2019年2月25日月曜日

すべての人の宿命を描くドラマとして ~ミューザ川崎シンフォニーホール&東京交響楽団 名曲全集第144回

●ミューザ川崎シンフォニーホール&東京交響楽団 名曲全集第144回

指揮:ロレンツォ・ヴィオッティ
独唱:森谷真理(ソプラノ)、清水華澄(メゾ・ソプラノ)、福井 敬(テノール)、ジョン・ハオ(バス ※リアン・リから変更された)
合唱:東響コーラス(合唱指揮:安藤常光)
管弦楽:東京交響楽団

ヴェルディ:レクイエム(死者のためのミサ曲)

これはまためぐり合わせだな、と思わないでもない。残念ながら彼のオペラは聴きそこねたのだが(そのうち資料室でアウトラインだけでも確認するつもりではいる。入ってますよね?)、長くご無沙汰していた演奏会への復帰は彼の指揮したコンサートだった。そして2019年最初に触れる実演も彼の指揮である。ということで、こちらのコンサートを聴いた。これはこの作品についてよく言われるオペラというよりむしろ「ドラマ」だった、とまず書いておく。

前日のサントリーホールでの定期の好評をネットで見かけなかったわけもない私が、なんの期待もせずミューザ川崎シンフォニーホールに向かったわけではもちろんない。むしろ、昨年夏の目覚ましいラヴェルとドビュッシー(東京フィル、小山実稚絵との共演)の記憶が鮮明な私は、きっとこの日の聴衆の中でも相当ハードル高めの心づもりで臨んだ一人だろう。若い指揮者を見くびるなんて傲慢さなど、私はもう10年も前に捨ててしまっているのです(その契機はダニエル・ハーディングが与えてくれた、とか書いても脱線はしませんよ)。

さてヴェルディのこの作品を、”オペラ的”と言ってしまうのは、少々安易ではあるけれど、ヴェルディの手法的にあたりまえのことだとは思う。どうせならそんな雑な一般論ではなくて、むしろもっと踏み込んでいろいろ言ってみたくなる。ひとりヴェルディのキャリアを考えてもキリスト教的題材として初期の「ナブッコ」から「ロンバルディアの十字軍」(「イェルサレム」に改作)などがすぐ想起される。またこの曲の「ラクリモサ」はそのまま「ドン・カルロス」に用いられていた旋律であった。そりゃそうだ、宗教曲だからと自身がもっとも活躍したフィールドでの表現を使わないわけがないのだ。

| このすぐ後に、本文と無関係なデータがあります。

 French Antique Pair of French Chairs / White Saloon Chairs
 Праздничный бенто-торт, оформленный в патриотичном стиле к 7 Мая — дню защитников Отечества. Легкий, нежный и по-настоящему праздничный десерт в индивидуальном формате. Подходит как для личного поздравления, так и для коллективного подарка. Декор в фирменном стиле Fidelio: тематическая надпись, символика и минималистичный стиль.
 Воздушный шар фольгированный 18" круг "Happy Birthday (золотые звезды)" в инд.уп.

さらに「レクイエム」の作曲時期を考えれば否応なく直前の作である「アイーダ」を思い出すだろう、特にも「リベラ・メ」はもはや直接にサブテクストとして併せて聴くことを想定していたのではないか、なんて言いたくもなる。だってほら、無慈悲な石牢の底でラダメスを待つアイーダが歌える心情があるとするならば、この「リベラ・メ」以外にないのでは?などなど…

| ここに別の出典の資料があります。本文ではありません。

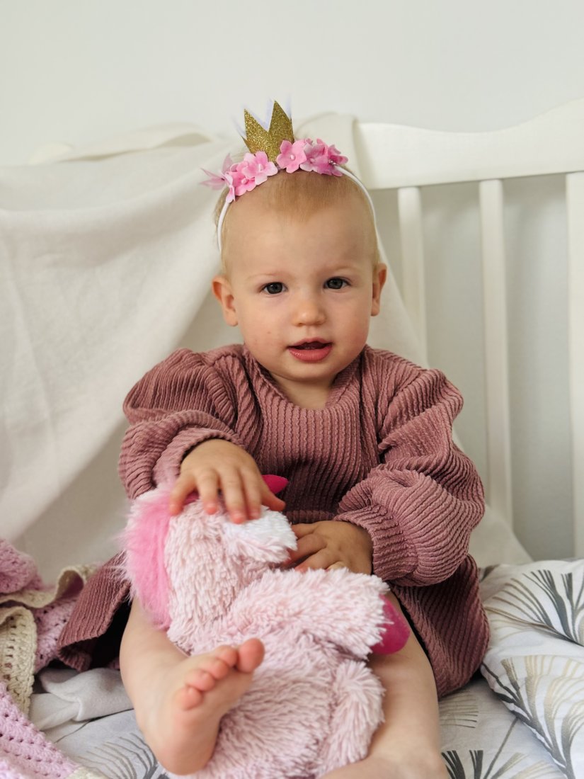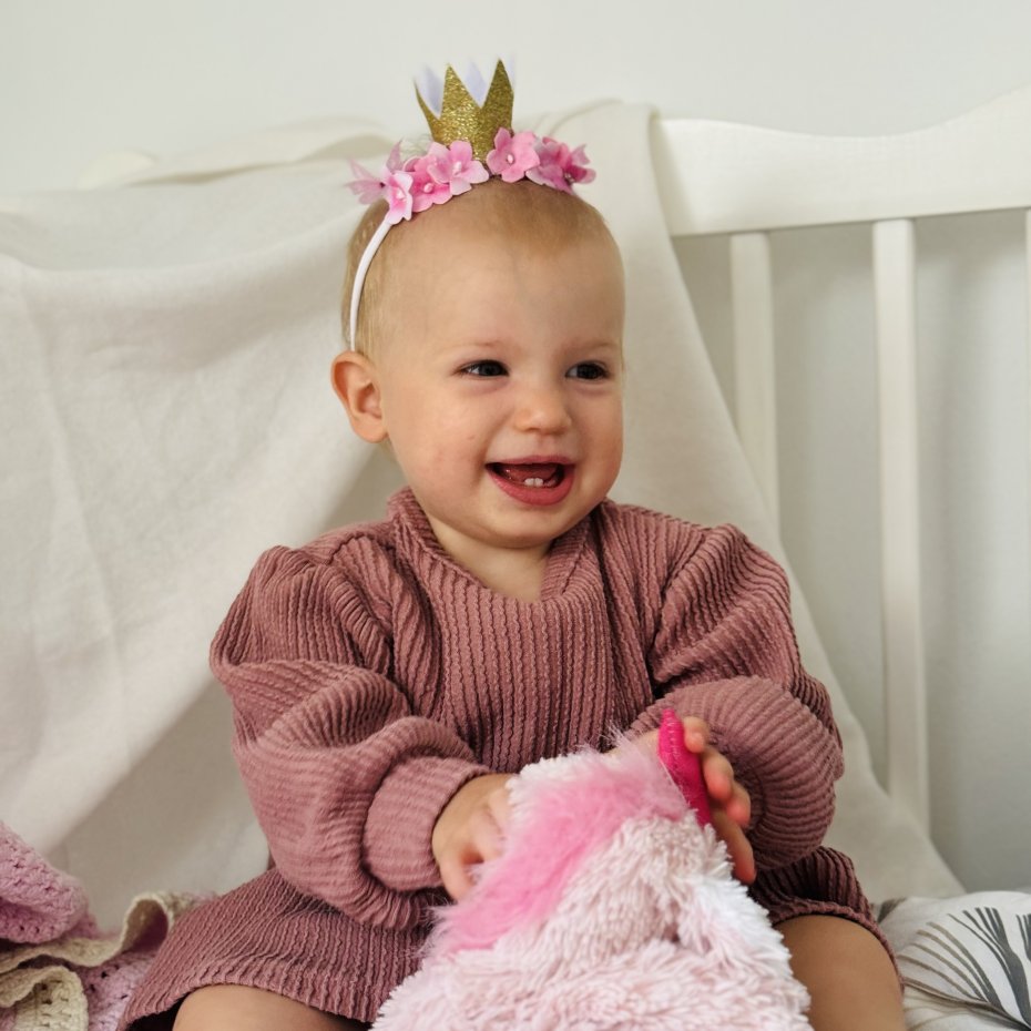 ???? Idealne wymiary korony i kwiatów – efektownie wygląda, ale nie przeszkadza maluszce.

また別のことを考える。オペラ的と言われてしまった宗教作品と言うならば、あの「マタイ受難曲」だってそうだったことを考える(礒山雅「マタイ受難曲」参照)。厳かな儀式次第としての、穏やかな何かを求める人がいるのもわかる(宗教儀礼としてならば当然の要求でもある)。にしても、受け手を揺さぶる表現が批判されるとは何たる理不尽、と考えてしまわなくもない。
さて、こうしてバッハを思い出してから「レクイエム」を聴くならば、ソリストが沈黙を破る際には、多くの場面で弦楽合奏を伴うことに注目したくなる。もちろんその弦楽合奏は、「ヨハネ」「マタイ」のように神的なものの存在を示す光背として響くものではないが、典例文を儀礼上のものではなく”人”からの真摯な問いかけのように聴かせるこの作品では、また別の意味を持たされた「光背」ではありうるかもしれない。人間存在そのものの尊さと、それが失われる運命から逃れられない儚さを……とかなんとか、こじつけるのもありかもしれない。さらに踏み込んで読むならば、抗えないさだめに対峙せざるを得ない存在としての人間のドラマ。そうそう、以前チューリヒ歌劇場がこの作品をバレエとして上演したものが放送されましたよね。

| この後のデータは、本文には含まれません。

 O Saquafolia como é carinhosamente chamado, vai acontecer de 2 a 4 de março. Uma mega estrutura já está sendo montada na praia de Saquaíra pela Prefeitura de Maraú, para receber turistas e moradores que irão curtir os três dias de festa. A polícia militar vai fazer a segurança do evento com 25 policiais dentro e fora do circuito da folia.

そしてこれは私的な話だが。かつてこの作品でヴェルディを知った私は、また別の感慨を持つ。そのとき出会ったのはバーンスタイン没後すぐにリリースされた1970年のレコーディング(ちなみにむかーし昔にNHKでも放送されたという、教会での映像もありますね)、今のように「怒りの日」がどうしようもない使われ方をしていなかった頃のこと。その演奏に強い感銘を受けて、そこからようやく「椿姫」、「アイーダ」といった作品に触れていくようになるあたり、私の経験は順番やら案内人ならなにやらいつも何かがおかしい。独学者は知らずして獣道を歩くものなのよ(笑)。
それはさておいて、この作品を”人”一般のドラマとして受け取ったとき、私はバーンスタインの宗教的作品群を、なかでも「ミサ曲」のことを思い出す。この作品と同じ、名前のない登場人物たちの語りによって示される宗教儀式の形をしたドラマとして書かれた「ミサ曲」と、ヴェルディの「レクイエム」を結びつけるのは私だけかとは思うが、自分の中では割と細かいところまで整合している。というのは…と続けるのはさすがに話が逸れすぎるからまたの機会にでも。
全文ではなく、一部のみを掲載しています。